Non-Haar random circuits form unitary designs as fast as Haar random circuits (2504.07390v1)

Abstract: The unitary design formation in random circuits has attracted considerable attention due to its wide range of practical applications and relevance to fundamental physics. While the formation rates in Haar random circuits have been extensively studied in previous works, it remains an open question how these rates are affected by the choice of local randomizers. In this work, we prove that the circuit depths required for general non-Haar random circuits to form unitary designs are upper bounded by those for the corresponding Haar random circuits, up to a constant factor independent of the system size. This result is derived in a broad range of circuit structures, including one- and higher-dimensional lattices, geometrically non-local configurations, and even extremely shallow circuits with patchwork architectures. We provide specific applications of these results in randomized benchmarking and random circuit sampling, and also discuss their implications for quantum many-body physics. Our work lays the foundation for flexible and robust randomness generation in real-world experiments, and offers new insights into chaotic dynamics in complex quantum systems.

Non-Haar Random Circuits Achieve Unitary Designs Efficiently

The paper "Non-Haar random circuits form unitary designs as fast as Haar random circuits" addresses a fundamental problem in quantum information science: the formation rate of unitary designs in random circuits. The authors explore how various circuit structures, particularly non-Haar random circuits, achieve unitary $t$-designs—a mathematical framework that mimics Haar randomness up to the $t$-th moment—at depths comparable to those in Haar random circuits.

Key Contributions

This paper confirms a longstanding hypothesis: the depth of non-Haar random circuits needed to form unitary designs is efficiently bounded by the depth of Haar random circuits, up to a constant factor independent of system size.
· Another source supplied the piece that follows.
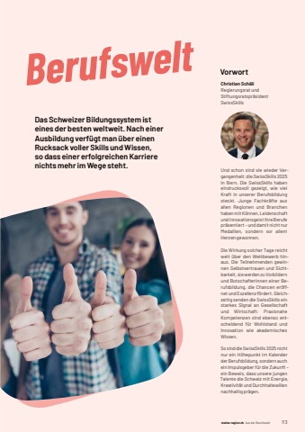 meine-region.ch meine-region.ch Aus der Berufswelt Einstiegsseiten 1131BerufsweltDas Schweizer Bildungssystem ist eines der besten weltweit. Nach einer Ausbildung verf%u00fcgt man %u00fcber einen Rucksack voller Skills und Wissen, so dass einer erfolg reichen Karriere nichts mehr im Wege steht.VorwortChristian Sch%u00e4li Regierungsrat undStiftungsratspr%u00e4sident SwissSkillsUnd schon sind sie wieder Vergangenheit: die SwissSkills 2025 in Bern. Die SwissSkills haben eindrucksvoll gezeigt, wie viel Kraft in unserer Berufsbildung steckt. Junge Fachkr%u00e4fte aus allen Regionen und Branchen haben mit K%u00f6nnen, Leidenschaft und Innovationsgeist ihre Be rufe pr%u00e4sentiert %u2013 und damit nicht nur Medaillen, sondern vor allem Herzen gewonnen.Die Wirkung solcher Tage reicht weit %u00fcber den Wettbewerb hinaus. Die Teilnehmenden gewinnen Selbstvertrauen und Sichtbarkeit, sie werden zu Vorbildern und Botschafterinnen einer Berufsbildung, die Chancen er%u00f6ffnet und Exzellenz f%u00f6rdert. Gleichzeitig senden die Swiss Skills ein starkes Signal an Gesellschaft und Wirtschaft: Praxisnahe Kompetenzen sind ebenso entscheidend f%u00fcr Wohlstand und Innovation wie akademisches Wissen.So sind die SwissSkills 2025 nicht nur ein H%u00f6hepunkt im Kalender der Berufsbildung, sondern auch ein Impulsgeber f%u00fcr die Zukunft %u2013 ein Beweis, dass unsere jungen Talente die Schweiz mit Energie, Kreativit%u00e4t und Durchhaltewillen nachhaltig pr%u00e4gen.
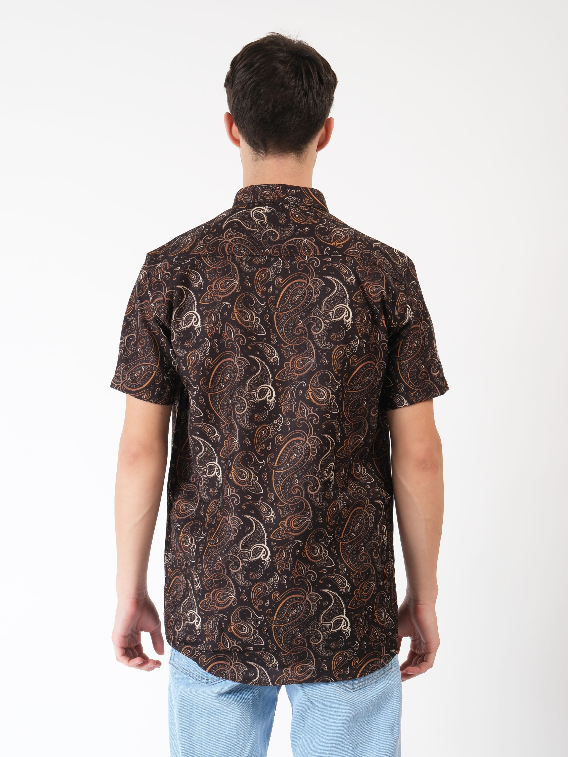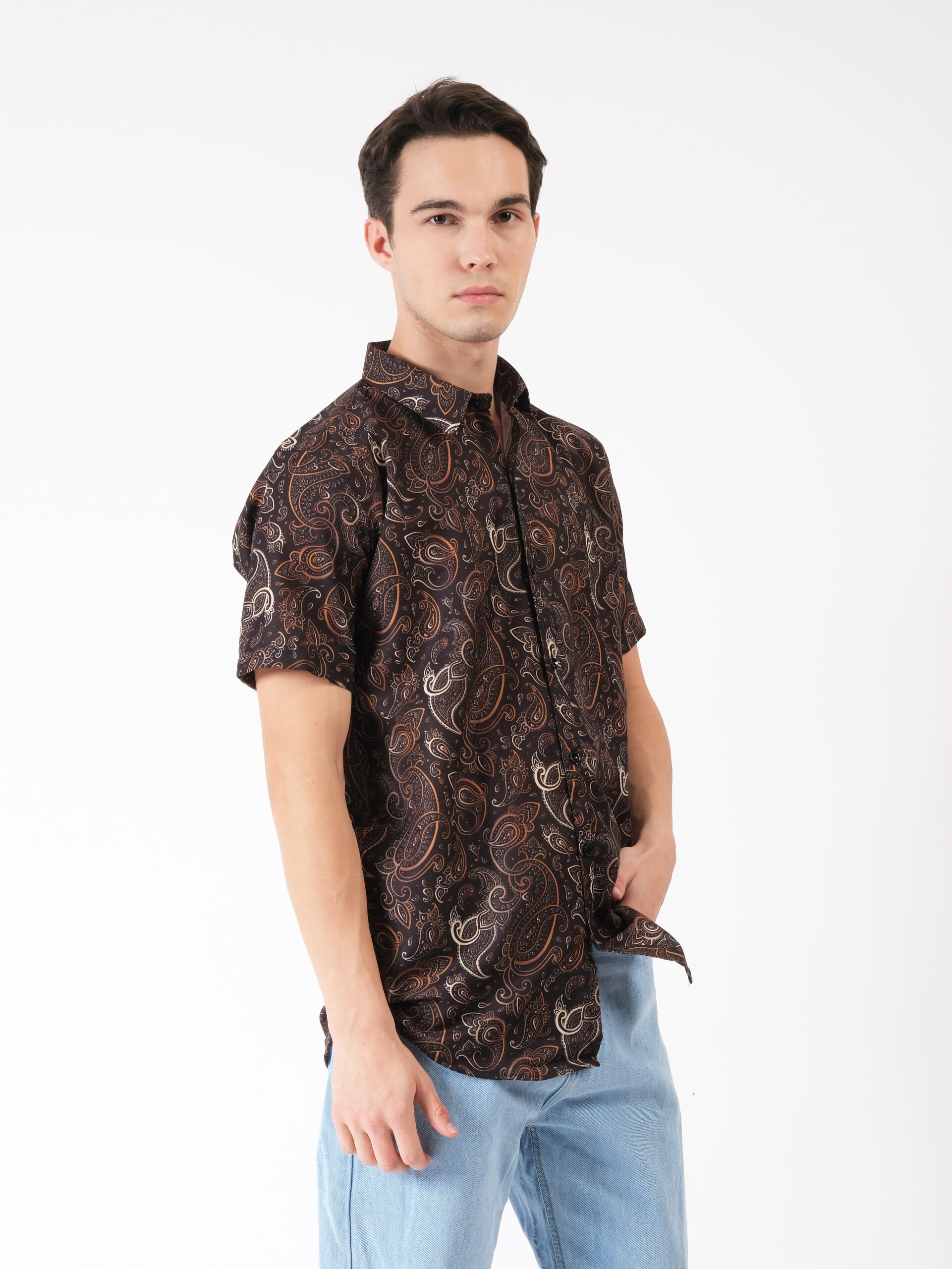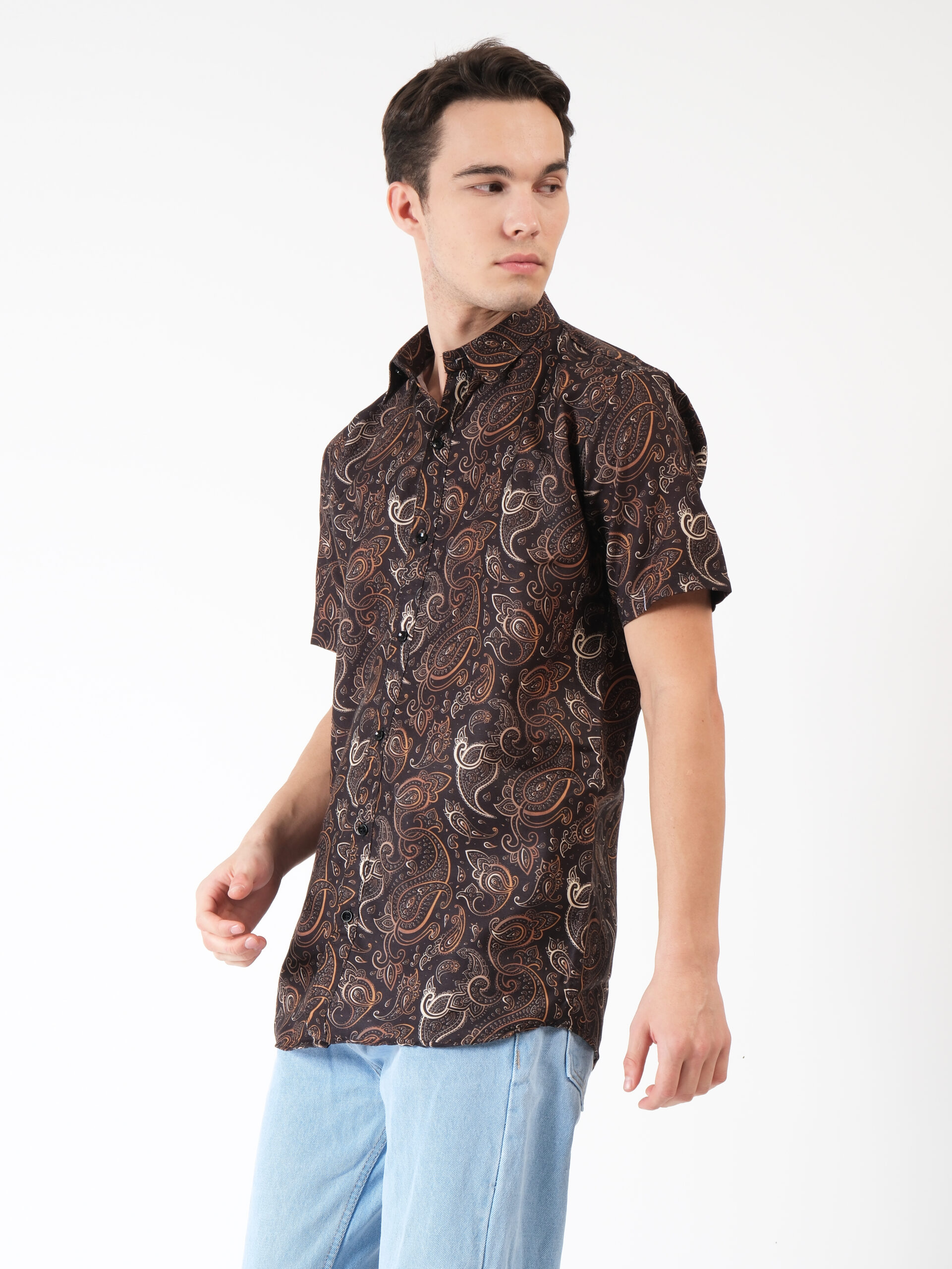 Timeless elegance with a royal twist — the Rajwadi Paisley Shirt is a Klevenchy Classic Half-Sleeve masterpiece inspired by India’s regal heritage. Its deep brown base is adorned with flowing paisley motifs in warm rust and ivory tones, creating a design that feels both traditional and refreshingly modern.

The authors' findings span vast classes of circuit topologies, indicating their result's robustness. Specific circuit architectures examined include:

• Single-Layer-Connected Circuits: For circuits where a single layer is sufficient to connect the graph of operations, the depth required to achieve an $\varepsilon$-approximate unitary $t$-design equals the corresponding depth for Haar random circuits multiplied by a constant determined by the minimum spectral gap of the local two-qudit gates.
• Multilayer-Connected Circuits: Fixed-architecture circuits, such as brickwork circuits, where connectivity requires multiple layers, also maintain their unitary design formation rates when local gates are non-Haar random. The prolongation in depth is proportional to the power of the architecture's connection depth.
• Patchwork Circuits: These notable circuits, composed of unitary designs on small patches stitched together, achieve these designs in logarithmic depth. The authors build upon prior methods, namely the detectability lemma, revealing that patchwork architectures similarly produce unitary designs even with non-Haar local gates.

Numerical and Theoretical Implications

The authors emphasize the significance of their results with several implications:

• Global Randomness and Chaos: They establish that phenomena associated with quantum chaos, such as scrambling and complexity growth, persist regardless of local randomizer choices. This universality implies that chaotic properties in quantum many-body systems are robust, offering new perspectives for experimentalists conducting research under non-ideal conditions.
• Anticoncentration in Quantum Advantage: The results hint that anticoncentration—a critical component in arguments for quantum supremacy—can be established within shallow-depth circuits of non-Haar random gates. This directly impacts the ongoing development of quantum algorithms designed to outperform classical counterparts.
• Randomized Benchmarking: The work outlines enhanced flexibility for randomized benchmarking protocols by showing that systemic randomness generation is largely invariant with respect to variations in local gate choices. This provides assurance for practical quantum computing efforts aiming to quantify errors and gate fidelities.

Future Directions

The pathways introduced by this paper open several intriguing research avenues. Notably, it prompts further investigation into whether these principles hold across different quantum systems, including those with symmetry constraints or involving continuous-variable quantum information. Additionally, an understanding of cases where non-Haar random circuits may outpace their Haar counterparts in generating scrambling or complexity could further refine our approach to randomness in quantum systems.

In summary, this paper contributes significant theoretical insights into the behavior of non-Haar random circuits in quantum computing, forging new connections between fundamental physics and practical applications in the rapidly growing field of quantum information science.